7. The method for processing the whole-network co-section data based on the time-scale information acquisition as claimed in claim 6, wherein the step 4 comprises the following steps:

step 4.6: constructing a cubic B spline curve approximating the characteristic points by using a node vector and a least square method; as can be seen from the cubic B-spline expression, the feature point D is approximated in the least-squares sense, i.e.:

wherein D₀＝B(0)，D_rB (1), r is the number of feature points;

order to

f is about n-1 variables P₁，…P_n-1For minimizing f, let f pair control points P_lThe partial derivative of (a) is zero, the following equation is obtained:

this is an unknown quantity P₁，…，P_n-1Let l be 1,2, …, and n-1, then a linear system of equations with n-1 unknowns and n-1 equations is obtained:

(N^TN)P＝R

the value of the unknown quantity P can be solved by solving the system of linear equations, so that a fitting curve of a cubic B-spline can be determined.

8. The method for processing the whole-network co-section data based on the time-scale information acquisition as claimed in claim 1, wherein the step 5 comprises the following steps:

step 5.1: calculating approximation deviation, namely calculating the approximation deviation between the data points and the curve by adopting Hausdorff distance; assume that two sets of data sets a ═ a₁，a₂，…，a_p}，B＝{b₁，b₂，…b_qAnd the Hausdorff distance between the two point sets of A and B is:

H(A，B)＝max(h(A，B)，h(B，A))

where | · | | is a distance model between the point set a and the point set B, such as a euclidean distance, H (a, B) is a bidirectional Hausdorff distance, and H (a, B) and H (B, a) are unidirectional Hausdorff distances from the set a to the set B and from the set B to the set a, respectively; the two-way Hausdorff distance H (A, B) is the larger of the two singleton distances H (A, B) and H (B, A), which measures the maximum degree of mismatch between the two point sets.
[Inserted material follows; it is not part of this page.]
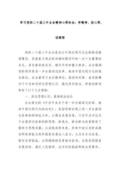 【七哥公文】2024年:学习党的二十届三中全会精神心得体会:学精神、谈心得、话感悟+更多免费公文+VX:QiGeGongWen2024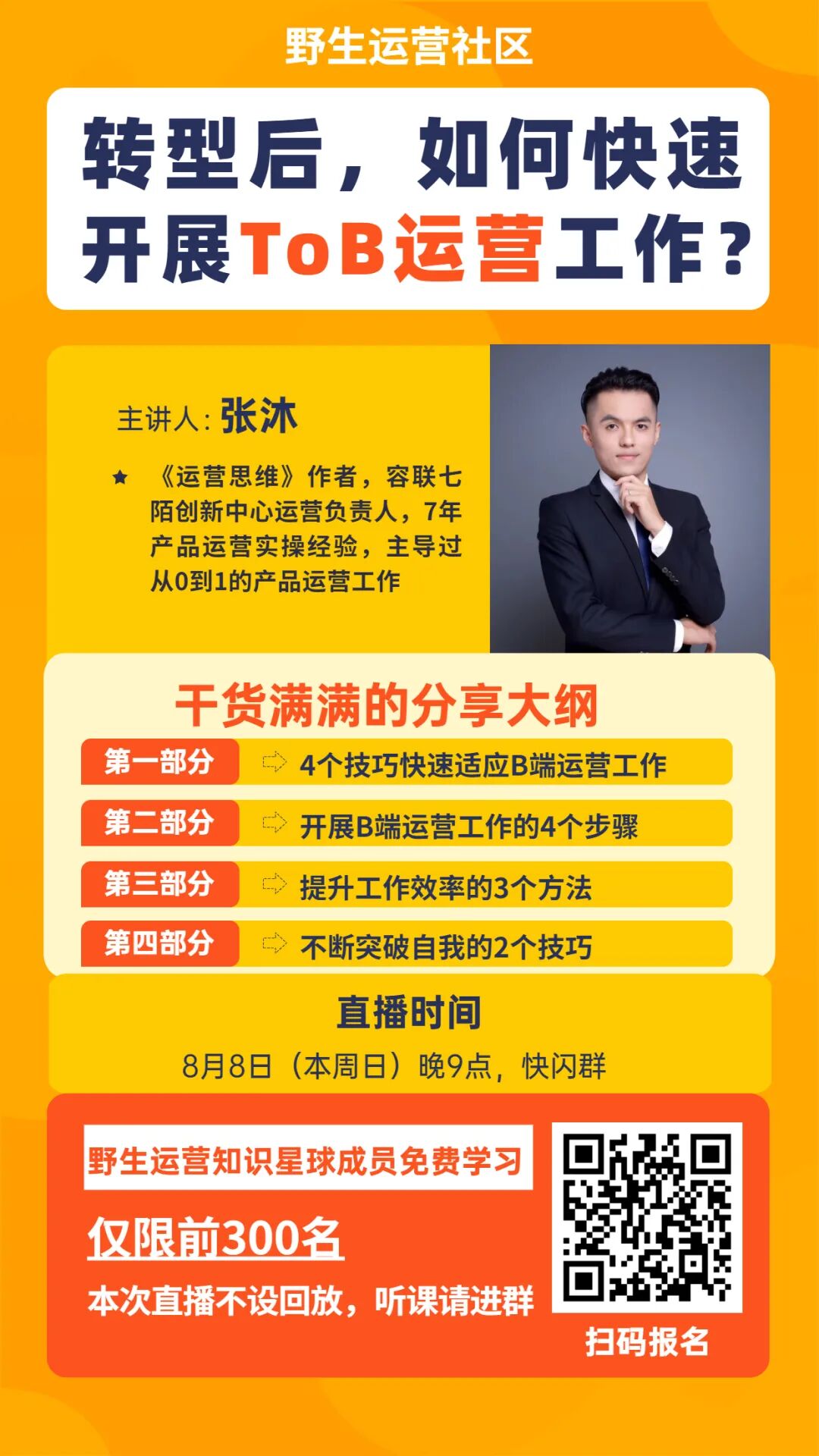 本周日晚9点,我邀请张沐老师,《运营思维》作者,容联七陌创新中心运营负责人,7年产品运营实操经验,主导过从0到1的产品运营工作,带来分享《转型后,如何快速开展ToB运营工作》本次分享不设回放,感兴趣的扫码报名,报名截止本周日(8月8日)晚8点。如果你觉得本次课程有价值,欢迎把海报分享给更多有需要的小伙伴哦,感谢❤

9. The method for processing the whole-network co-section data based on the time-scale information acquisition as claimed in claim 8, wherein the step 5 comprises the following steps:

(2) Solving the maximum approximation deviation h (Q, B);

(3) setting a deviation threshold e_thsβ xh (Q, B), β is the scaling factor;

10. The method for processing the whole-network co-section data based on the time-scale information acquisition as claimed in claim 1, wherein the step 5 comprises the following steps:

step 5.3: and (3) evaluating the fitting precision, and after extracting the characteristic points of the previous stage, obtaining two adjacent characteristic points which are respectively (x)_k，y_k) And (x)_k+1y_k+1) At the point (x) on the curve segment between which the deviation from the two characteristic points is greatest_i，y_i) By calculating the h value of a feature point, i.e. point (x)_i，y_i) To point (x)_k，y_k) And (x)_k+1，y_k+1) The vertical distance of the connected straight lines is calculated by the following formula:

all h values except the end point are calculated, and

as the integral square error of the curve, the integral square error is used as an index for measuring the fitting accuracy of the curve.